_DESCRIPTION OF THE TASK_.
Of all the entries below, retype only the lines from the one with "ハイネック長袖Tシャツ トップス レディース" through the one with "myDogDNAge uses a", exactly as they appear.

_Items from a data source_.

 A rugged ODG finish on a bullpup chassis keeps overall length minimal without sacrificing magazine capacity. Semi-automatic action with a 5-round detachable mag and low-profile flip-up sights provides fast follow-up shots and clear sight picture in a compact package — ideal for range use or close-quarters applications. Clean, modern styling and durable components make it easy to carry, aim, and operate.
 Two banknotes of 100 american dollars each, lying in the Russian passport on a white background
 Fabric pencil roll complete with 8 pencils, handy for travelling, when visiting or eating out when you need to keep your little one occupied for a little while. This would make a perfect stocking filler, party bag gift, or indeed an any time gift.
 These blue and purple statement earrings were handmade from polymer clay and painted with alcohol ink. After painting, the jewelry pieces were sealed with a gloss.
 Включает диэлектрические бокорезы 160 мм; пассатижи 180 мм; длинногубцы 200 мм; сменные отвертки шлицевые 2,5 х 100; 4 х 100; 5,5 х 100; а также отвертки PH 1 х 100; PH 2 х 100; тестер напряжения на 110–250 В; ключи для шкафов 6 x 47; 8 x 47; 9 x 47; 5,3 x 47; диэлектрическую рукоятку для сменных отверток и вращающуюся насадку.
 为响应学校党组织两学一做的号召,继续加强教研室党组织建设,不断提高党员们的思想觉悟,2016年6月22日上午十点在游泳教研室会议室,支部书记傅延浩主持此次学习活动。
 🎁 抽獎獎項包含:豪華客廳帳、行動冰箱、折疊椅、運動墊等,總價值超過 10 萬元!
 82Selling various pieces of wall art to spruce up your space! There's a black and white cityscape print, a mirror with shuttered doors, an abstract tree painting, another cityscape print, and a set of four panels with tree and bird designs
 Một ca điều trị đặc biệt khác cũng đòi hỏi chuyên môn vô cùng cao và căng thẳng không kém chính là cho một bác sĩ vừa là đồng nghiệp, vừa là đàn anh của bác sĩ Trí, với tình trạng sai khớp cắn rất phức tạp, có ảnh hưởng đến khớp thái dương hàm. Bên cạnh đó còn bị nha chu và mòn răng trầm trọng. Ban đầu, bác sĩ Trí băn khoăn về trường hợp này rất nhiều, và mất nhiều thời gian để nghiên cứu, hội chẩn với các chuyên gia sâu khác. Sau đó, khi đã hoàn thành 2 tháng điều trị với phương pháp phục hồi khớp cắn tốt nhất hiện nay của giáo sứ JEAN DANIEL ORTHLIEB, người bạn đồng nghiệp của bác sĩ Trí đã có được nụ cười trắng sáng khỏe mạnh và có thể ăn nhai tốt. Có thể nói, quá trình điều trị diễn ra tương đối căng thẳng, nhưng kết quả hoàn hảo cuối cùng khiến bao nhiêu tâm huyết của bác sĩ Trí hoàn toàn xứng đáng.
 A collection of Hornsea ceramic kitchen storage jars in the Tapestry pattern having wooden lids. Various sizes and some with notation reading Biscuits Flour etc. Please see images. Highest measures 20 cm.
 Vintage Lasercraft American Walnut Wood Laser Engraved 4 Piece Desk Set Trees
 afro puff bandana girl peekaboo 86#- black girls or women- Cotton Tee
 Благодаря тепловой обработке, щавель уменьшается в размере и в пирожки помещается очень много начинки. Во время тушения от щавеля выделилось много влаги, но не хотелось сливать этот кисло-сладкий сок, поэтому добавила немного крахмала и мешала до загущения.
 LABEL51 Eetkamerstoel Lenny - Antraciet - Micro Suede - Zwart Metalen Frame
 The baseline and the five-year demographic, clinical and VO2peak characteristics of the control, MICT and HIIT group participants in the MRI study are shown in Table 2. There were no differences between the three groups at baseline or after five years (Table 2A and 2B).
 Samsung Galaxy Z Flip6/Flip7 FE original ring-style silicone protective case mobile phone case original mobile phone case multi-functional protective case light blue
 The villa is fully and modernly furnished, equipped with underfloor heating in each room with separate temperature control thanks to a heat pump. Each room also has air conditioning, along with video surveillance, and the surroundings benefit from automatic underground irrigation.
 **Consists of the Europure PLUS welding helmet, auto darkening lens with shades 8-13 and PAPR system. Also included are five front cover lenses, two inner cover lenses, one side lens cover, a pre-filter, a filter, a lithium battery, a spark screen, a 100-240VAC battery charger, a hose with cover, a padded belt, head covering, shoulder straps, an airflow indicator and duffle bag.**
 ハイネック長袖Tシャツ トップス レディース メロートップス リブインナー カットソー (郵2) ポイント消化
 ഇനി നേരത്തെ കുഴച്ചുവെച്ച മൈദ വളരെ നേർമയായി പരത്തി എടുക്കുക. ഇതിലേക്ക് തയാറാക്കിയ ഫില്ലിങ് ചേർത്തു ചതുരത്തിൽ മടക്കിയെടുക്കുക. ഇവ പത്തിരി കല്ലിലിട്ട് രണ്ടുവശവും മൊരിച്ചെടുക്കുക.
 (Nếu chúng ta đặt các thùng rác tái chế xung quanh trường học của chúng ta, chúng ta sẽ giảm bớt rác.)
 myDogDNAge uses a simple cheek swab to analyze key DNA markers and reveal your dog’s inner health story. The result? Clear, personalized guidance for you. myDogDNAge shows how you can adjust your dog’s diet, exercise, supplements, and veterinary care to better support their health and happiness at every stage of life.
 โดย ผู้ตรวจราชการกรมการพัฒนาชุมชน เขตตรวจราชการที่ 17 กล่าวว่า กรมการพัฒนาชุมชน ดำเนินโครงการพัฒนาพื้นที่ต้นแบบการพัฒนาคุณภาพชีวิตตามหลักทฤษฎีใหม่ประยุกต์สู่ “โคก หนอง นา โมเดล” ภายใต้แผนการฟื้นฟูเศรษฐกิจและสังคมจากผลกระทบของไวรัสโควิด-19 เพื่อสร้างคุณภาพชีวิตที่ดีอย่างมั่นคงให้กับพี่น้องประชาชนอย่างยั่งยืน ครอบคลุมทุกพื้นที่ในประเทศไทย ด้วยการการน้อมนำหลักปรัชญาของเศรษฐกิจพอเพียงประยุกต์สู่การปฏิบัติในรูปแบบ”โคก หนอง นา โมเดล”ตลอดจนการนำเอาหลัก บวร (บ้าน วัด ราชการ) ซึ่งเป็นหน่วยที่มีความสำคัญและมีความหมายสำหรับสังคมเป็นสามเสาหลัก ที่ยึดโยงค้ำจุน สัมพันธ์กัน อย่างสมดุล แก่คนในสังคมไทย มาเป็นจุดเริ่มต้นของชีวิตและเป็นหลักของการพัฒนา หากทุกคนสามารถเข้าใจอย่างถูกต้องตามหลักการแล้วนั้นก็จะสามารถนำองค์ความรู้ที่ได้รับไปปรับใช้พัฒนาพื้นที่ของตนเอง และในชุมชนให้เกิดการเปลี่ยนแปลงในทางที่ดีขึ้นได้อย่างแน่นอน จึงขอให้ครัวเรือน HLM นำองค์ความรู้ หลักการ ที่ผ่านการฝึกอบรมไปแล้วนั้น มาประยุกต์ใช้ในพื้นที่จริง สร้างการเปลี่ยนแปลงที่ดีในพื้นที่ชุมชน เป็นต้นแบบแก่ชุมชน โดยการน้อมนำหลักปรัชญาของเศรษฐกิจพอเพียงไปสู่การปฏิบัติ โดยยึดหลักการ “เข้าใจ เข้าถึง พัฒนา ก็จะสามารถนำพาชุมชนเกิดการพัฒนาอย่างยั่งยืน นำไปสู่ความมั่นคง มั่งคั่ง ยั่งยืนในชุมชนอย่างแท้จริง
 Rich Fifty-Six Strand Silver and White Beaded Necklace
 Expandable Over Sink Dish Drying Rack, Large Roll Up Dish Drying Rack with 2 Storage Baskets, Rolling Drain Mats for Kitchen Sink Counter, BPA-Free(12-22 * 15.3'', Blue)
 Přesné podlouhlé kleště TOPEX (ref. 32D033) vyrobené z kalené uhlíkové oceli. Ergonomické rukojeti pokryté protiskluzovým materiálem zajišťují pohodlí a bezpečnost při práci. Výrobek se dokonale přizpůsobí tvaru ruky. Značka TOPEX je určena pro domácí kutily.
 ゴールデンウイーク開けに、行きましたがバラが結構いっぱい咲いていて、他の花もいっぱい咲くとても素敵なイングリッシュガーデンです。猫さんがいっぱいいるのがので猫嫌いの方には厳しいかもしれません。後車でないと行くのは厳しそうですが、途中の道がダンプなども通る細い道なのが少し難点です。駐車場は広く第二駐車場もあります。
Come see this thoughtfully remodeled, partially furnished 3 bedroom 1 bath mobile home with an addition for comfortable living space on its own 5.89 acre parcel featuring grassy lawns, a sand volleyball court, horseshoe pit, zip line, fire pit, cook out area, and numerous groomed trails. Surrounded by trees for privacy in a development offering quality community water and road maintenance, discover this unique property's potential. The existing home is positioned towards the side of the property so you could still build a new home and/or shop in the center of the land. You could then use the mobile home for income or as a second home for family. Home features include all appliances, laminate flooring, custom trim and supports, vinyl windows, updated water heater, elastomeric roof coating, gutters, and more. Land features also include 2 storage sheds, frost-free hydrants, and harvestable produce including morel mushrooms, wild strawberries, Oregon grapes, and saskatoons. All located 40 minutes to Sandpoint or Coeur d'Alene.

_YOUR RESPONSE_.
 ハイネック長袖Tシャツ トップス レディース メロートップス リブインナー カットソー (郵2) ポイント消化
 ഇനി നേരത്തെ കുഴച്ചുവെച്ച മൈദ വളരെ നേർമയായി പരത്തി എടുക്കുക. ഇതിലേക്ക് തയാറാക്കിയ ഫില്ലിങ് ചേർത്തു ചതുരത്തിൽ മടക്കിയെടുക്കുക. ഇവ പത്തിരി കല്ലിലിട്ട് രണ്ടുവശവും മൊരിച്ചെടുക്കുക.
 (Nếu chúng ta đặt các thùng rác tái chế xung quanh trường học của chúng ta, chúng ta sẽ giảm bớt rác.)
 myDogDNAge uses a simple cheek swab to analyze key DNA markers and reveal your dog’s inner health story. The result? Clear, personalized guidance for you. myDogDNAge shows how you can adjust your dog’s diet, exercise, supplements, and veterinary care to better support their health and happiness at every stage of life.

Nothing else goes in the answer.